Cogent Communications 

Risk-Adjusted Performance

Weakest

 
Weak
 
Strong
Over the last 90 days Cogent Communications Group has generated negative risk-adjusted returns adding no value to investors with long positions. Despite weak performance in the last few months, the Stock's basic indicators remain fairly strong which may send shares a bit higher in December 2025. The recent confusion may also be a sign of long-lasting up-swing for the firm traders.

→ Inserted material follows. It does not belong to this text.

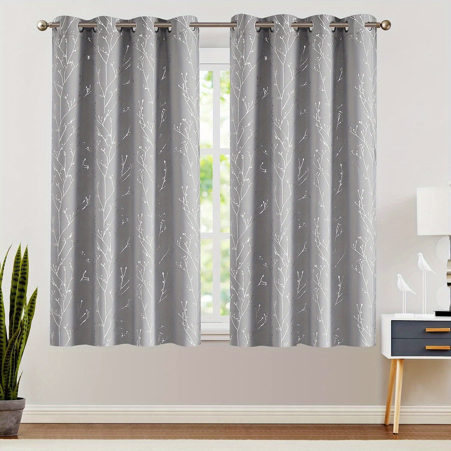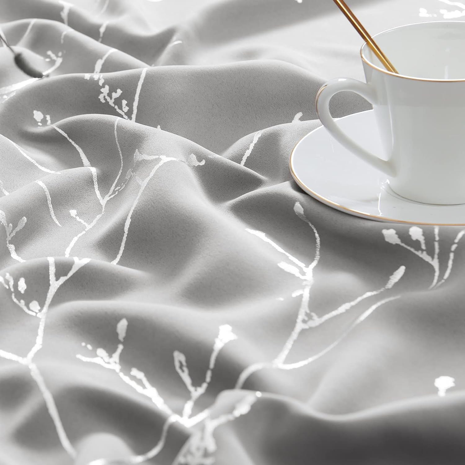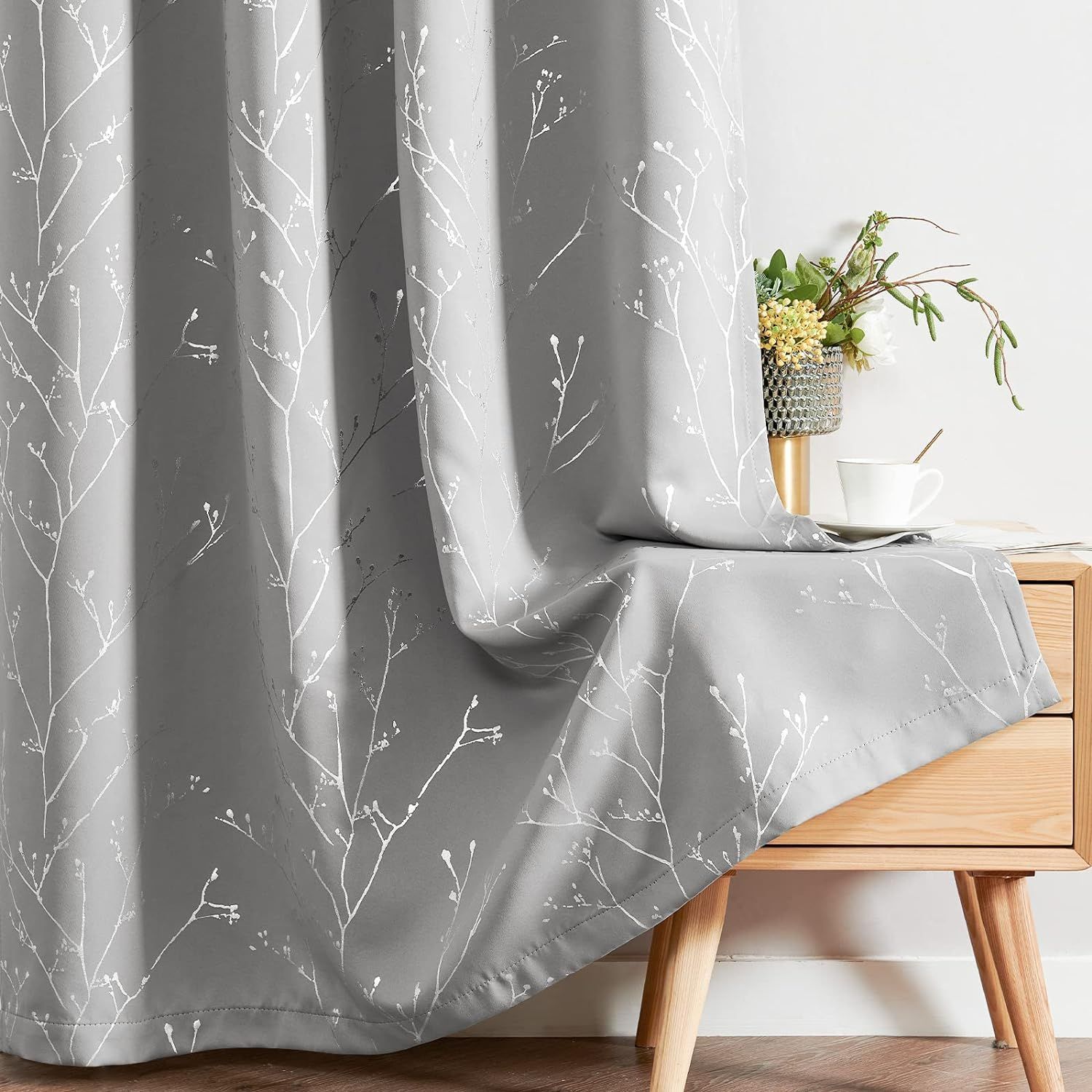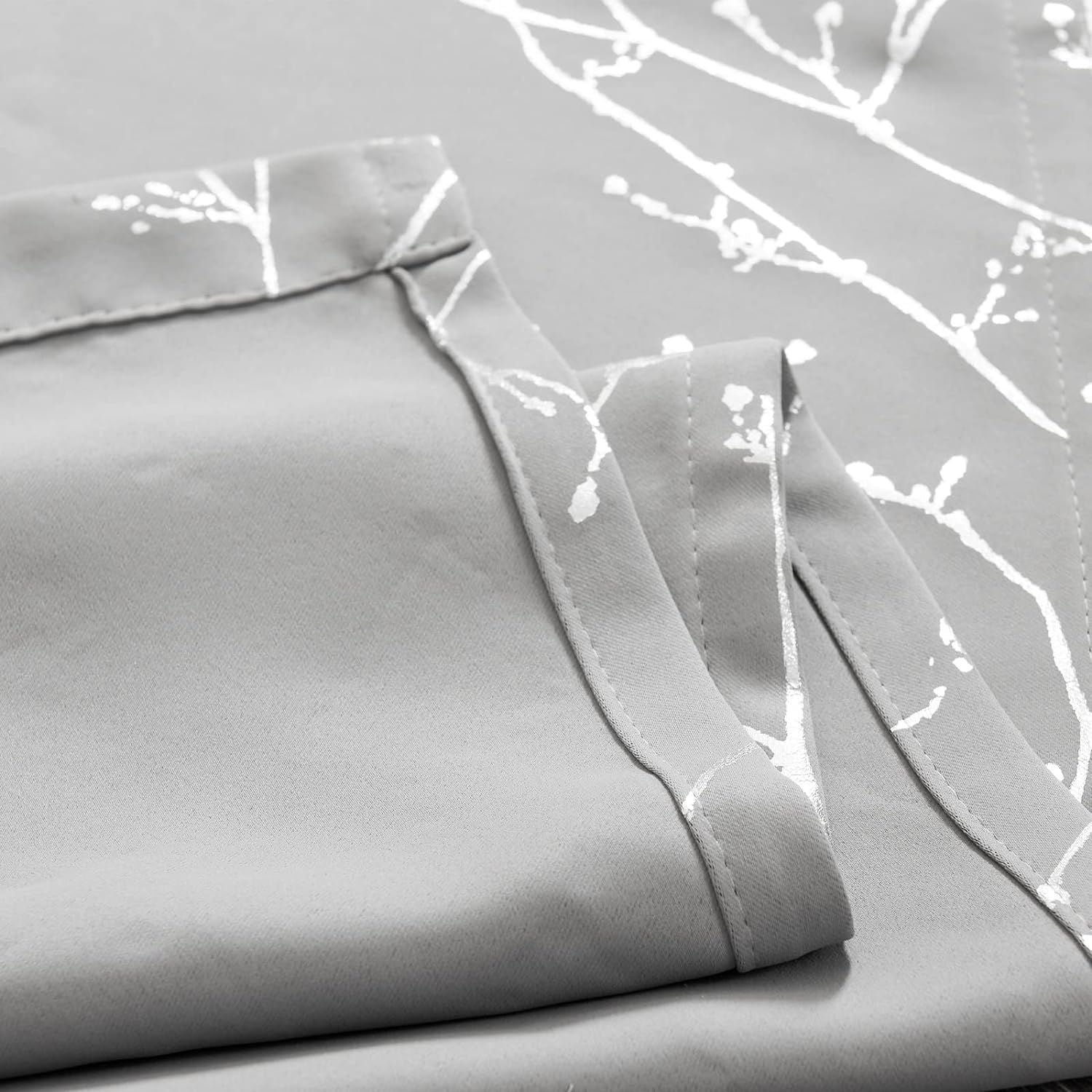 jinchan Blackout Curtains for Bedroom, Silver Foil Tree Branch Printed Thermal Room Darkening Curtains for Living Room Window Curtains Set 2 Panels Grey

NOVA Technology and Cogent Communications Volatility Contrast

   Predicted Return Density   
       Returns  

Pair Trading with NOVA Technology and Cogent Communications

The main advantage of trading using opposite NOVA Technology and Cogent Communications positions is that it hedges away some unsystematic risk. Because of two separate transactions, even if NOVA Technology position performs unexpectedly, Cogent Communications can make up some of the losses. Pair trading also minimizes risk from directional movements in the market. For example, if an entire industry or sector drops because of unexpected headlines, the short position in Cogent Communications will offset losses from the drop in Cogent Communications' long position.
The idea behind NOVA Technology and Cogent Communications Group pairs trading is to make the combined position market-neutral, meaning the overall market's direction will not affect its win or loss (or potential downside or upside). This can be achieved by designing a pairs trade with two highly correlated stocks or equities that operate in a similar space or sector, making it possible to obtain profits through simple and relatively low-risk investment.
Check out your portfolio center.
Note that this page's information should be used as a complementary analysis to find the right mix of equity instruments to add to your existing portfolios or create a brand new portfolio. You can also try the FinTech Suite module to use AI to screen and filter profitable investment opportunities.